"Goodbye" by The Ghost of Paul Revere

 
llustration of a sunset at the seaside within a circular frame and floral border; the word "GOODBYE" is spelled out in balloon letters rising into the sky.
 
 

On April 18th, 2022, Maine-based folk band The Ghost of Paul Revere shared a post to their social media platforms beginning with the question, “how does one write an obituary for a Ghost?”

The band had been performing for the past eleven years, beginning in small venues in the local Portland area, eventually reaching enough success to take their tours abroad. Their style of stomp-and-holler folk and small band Americana is honest, raw, and personal.
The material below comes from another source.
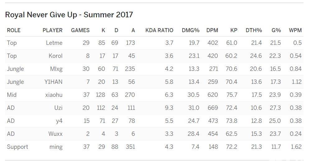RNG的ADC Uzi简自豪(20场比赛,9.3KDA,每分钟669伤害),毫无疑问是中国地区乃至整个召唤师峡谷(全球)历史上最伟大的选手之一。曾经在2013年和2014年连续两次带领队伍打入全球总决赛,尽管没有获得冠军,Uzi也至此声名鹊起。极具侵略性的打法、恐怖的线上统治力以及团战能力使得他在世界范围内可谓家喻户晓。但是来到中国的国内联赛,Uzi却没能像他在世界舞台上那样,拥有足够的统治力。到目前为止,Uzi从来没有获得过任何国内联赛的冠军,尽管他拥有世界赛最好的操作。队伍竭尽所能的配合他,不管他选什么英雄,都会围绕着他来建立阵容,并将大部分资源都让给他——整个夏季赛,他掌控着队伍最多的经济,占比为总经济的27.3%。

Songs about loss and depression are numerous in their discography. When they reach their audience, the Ghost of Paul Revere knows where to hit them hard.

The core of the Ghost of Paul Revere— Max Davis on banjo, Sean McCarthy on bass, and Griffin Sherry on guitar— are childhood friends. The three all write their own music and switch out the role of lead vocalist depending on the song, using three-part harmonies to form a cohesive sound. Each songwriter has their own distinctive style and voice that they bring to the band’s performances and records. The individuality the three are able to express in their work, as well as the unity and friendship they clearly convey, is a unique dynamic that has built a devoted fanbase in the past decade, particularly in New England.

“It is with a mix of both profound sadness and gratitude that we announce the end of this strange experiment called The Ghost of Paul Revere,” the band announced in that fateful post. They explained that their last show together would be at their annual Labor Day weekend festival, Ghostland, and that one last album would be released before their departure.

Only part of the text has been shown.